Problem description:
Copy out the lines of the records below, and only those lines, from the one with "商品名称:EBC英宝纯 HK500N 空气消毒除臭机" through the one with "فستان عودي مطرز", exactly as they appear.
━━ Supplied data
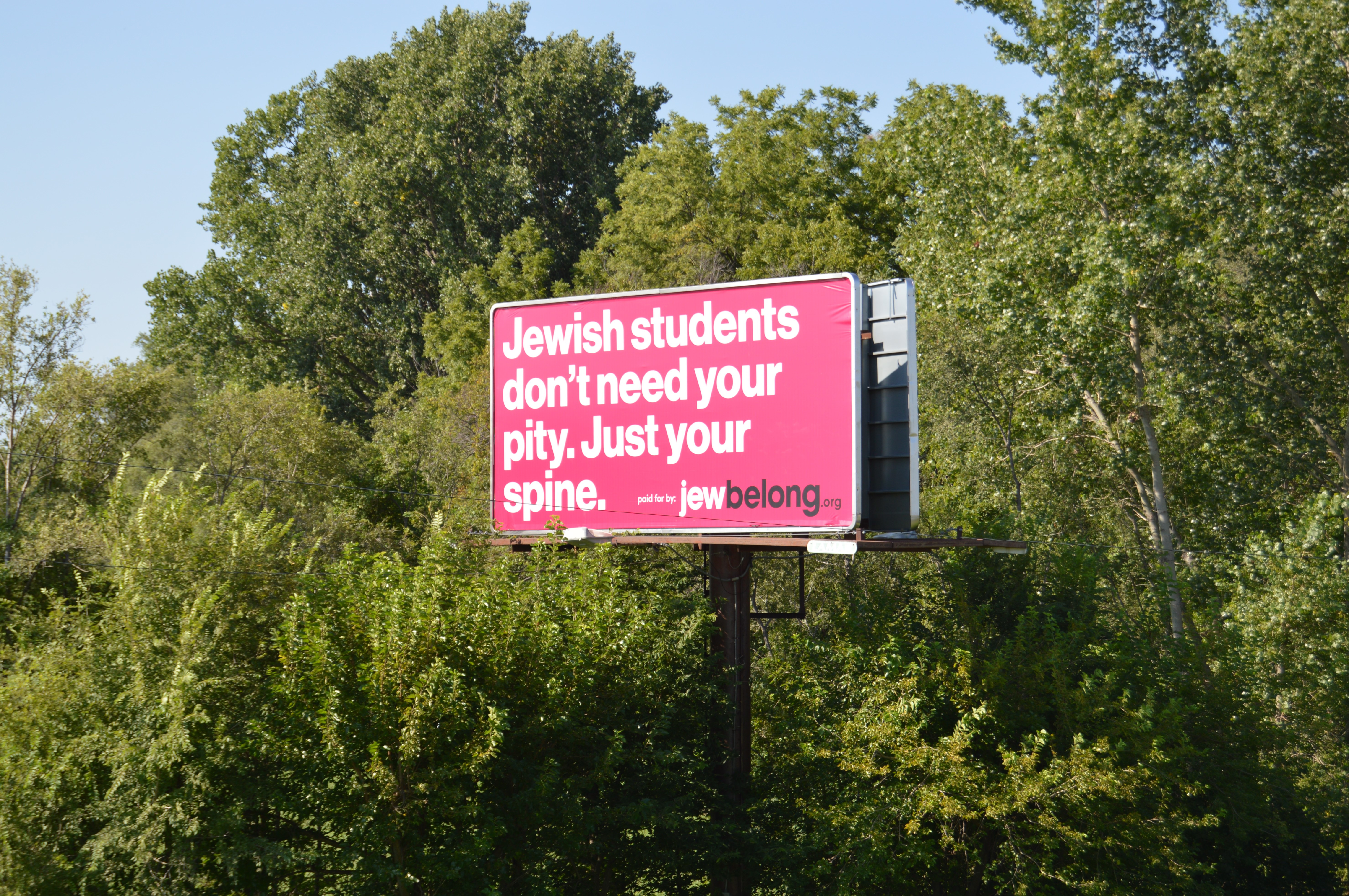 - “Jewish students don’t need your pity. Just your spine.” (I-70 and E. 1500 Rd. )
━━━━
━━ Supplied data
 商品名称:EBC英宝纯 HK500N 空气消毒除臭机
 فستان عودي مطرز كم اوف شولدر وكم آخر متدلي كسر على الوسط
━━━━
Reply:
 商品名称:EBC英宝纯 HK500N 空气消毒除臭机
 فستان عودي مطرز كم اوف شولدر وكم آخر متدلي كسر على الوسط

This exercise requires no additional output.